In Encog 3.x, how do you normalize data, use it for training, and denormalize results?
There is no good documentation on this and a simple example that applies each of these would go a long way in reducing the learning curve on Encog. I haven't figured it all out yet, but here are some resources.
(1) *How does Encog 3.0 Normalize?*
This code is ok for saving a new normalized csv. It is not clear here though how to take the AnalystNormalizeCSV and convert it to an MLDataSet to actually use it.

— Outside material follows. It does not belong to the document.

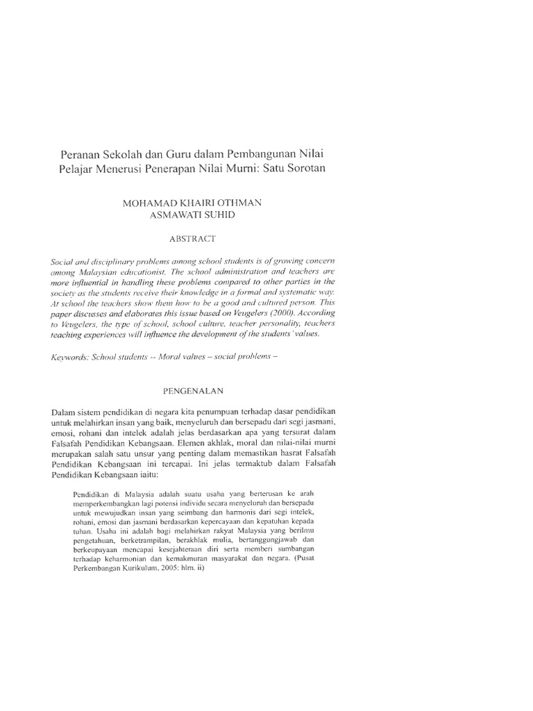Pdf Konsep Penerapan Dan Penghayatan Nilai Nilai Murni Berasaskan Falsafah Pendidikan Kebangsaan Fpk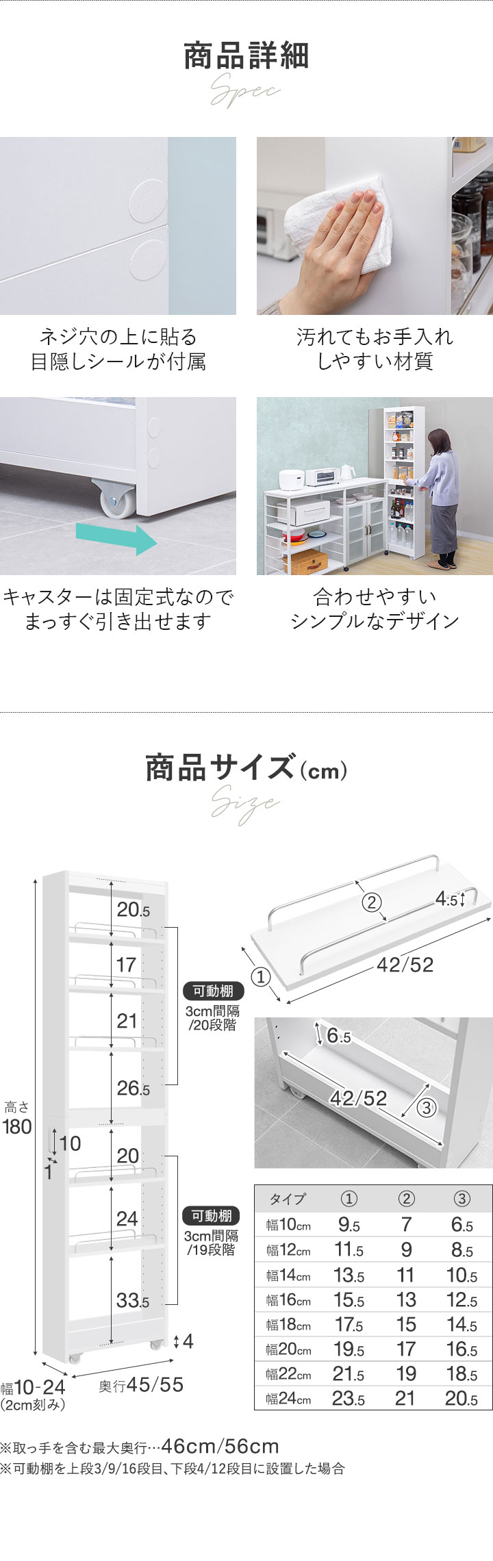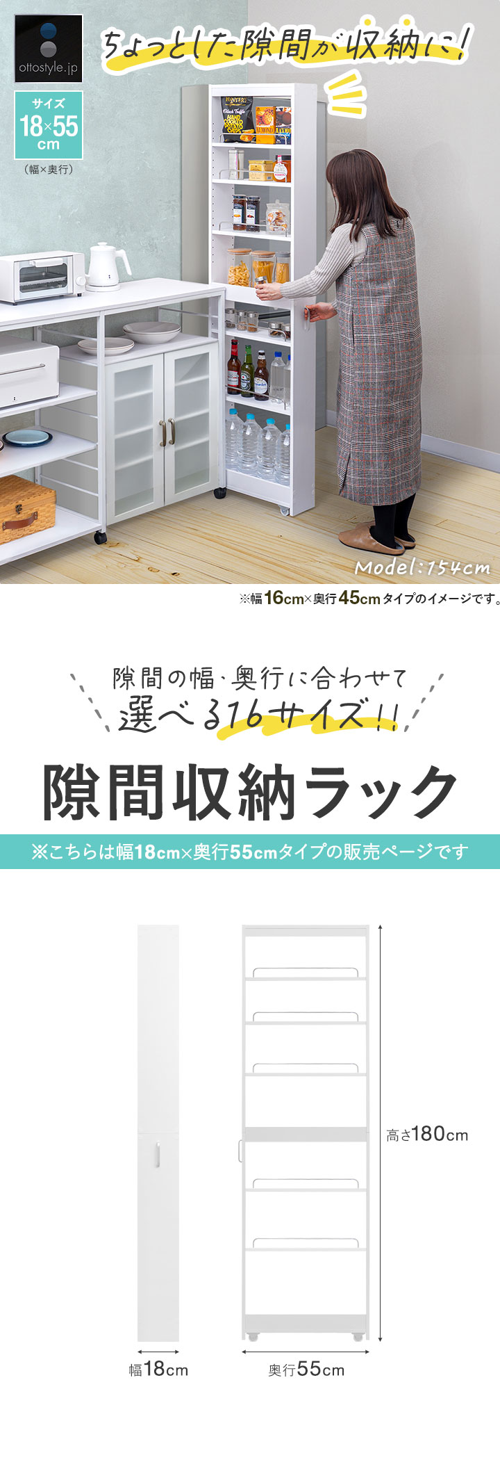 | サイズ: (約)幅18cm×奥行55cm(56cm※ハンドル含む)×高さ180cm |

EncogAnalyst analyst = new EncogAnalyst();
AnalystWizard wizard = new AnalystWizard(analyst);
wizard.wizard(sourceFile, true, AnalystFileFormat.DECPNT_COMMA);
final AnalystNormalizeCSV norm = new AnalystNormalizeCSV();
norm.analyze(sourceFile, true, CSVFormat.ENGLISH, analyst);
norm.setOutputFormat(CSVFormat.ENGLISH);
norm.setProduceOutputHeaders(true);
norm.normalize(targetFile)
(2) *How do I normalize a CSV file with Encog (Java)*
This code is, again, ok for producing a normalized csv output. But it is unclear on how to take the normalized data and actually apply it. There is a method for setting the target as an MLData, but it assumes all columns are inputs and doesn't leave room for any ideals. Furthermore, both of these options are difficult to use when the file has headers and/or unused columns.
try {
File rawFile = new File(MYDIR, "iris.csv");
// download Iris data from UCI
if (rawFile.exists()) {
System.out.println("Data already downloaded to: " + rawFile.getPath());
} else {
System.out.println("Downloading iris data to: " + rawFile.getPath());
BotUtil.downloadPage(new URL("http://archive.ics.uci.edu/ml/machine-learning-databases/iris/iris.data"), rawFile);
}
// define the format of the iris data
DataNormalization norm = new DataNormalization();
InputField inputSepalLength, inputSepalWidth, inputPetalLength, inputPetalWidth;
InputFieldCSVText inputClass;
norm.addInputField(inputSepalLength = new InputFieldCSV(true, rawFile, 0));
norm.addInputField(inputSepalWidth = new InputFieldCSV(true, rawFile, 1));
norm.addInputField(inputPetalLength = new InputFieldCSV(true, rawFile, 2));
norm.addInputField(inputPetalWidth = new InputFieldCSV(true, rawFile, 3));
norm.addInputField(inputClass = new InputFieldCSVText(true, rawFile, 4));
inputClass.addMapping("Iris-setosa");
inputClass.addMapping("Iris-versicolor");
inputClass.addMapping("Iris-virginica");
// define how we should normalize
norm.addOutputField(new OutputFieldRangeMapped(inputSepalLength, 0, 1));
norm.addOutputField(new OutputFieldRangeMapped(inputSepalWidth, 0, 1));
norm.addOutputField(new OutputFieldRangeMapped(inputPetalLength, 0, 1));
norm.addOutputField(new OutputFieldRangeMapped(inputPetalWidth, 0, 1));
norm.addOutputField(new OutputOneOf(inputClass, 1, 0));
// define where the output should go
File outputFile = new File(MYDIR, "iris_normalized.csv");
norm.setCSVFormat(CSVFormat.ENGLISH);
norm.setTarget(new NormalizationStorageCSV(CSVFormat.ENGLISH, outputFile));
// process
norm.setReport(new ConsoleStatusReportable());
norm.process();
System.out.println("Output written to: " + rawFile.getPath());
} catch (Exception ex) {
ex.printStackTrace();
}
(3) *Denormalizing*
I'm at a total loss for how to take all of this and denormalize according to the appropriate data-type's max's and min's.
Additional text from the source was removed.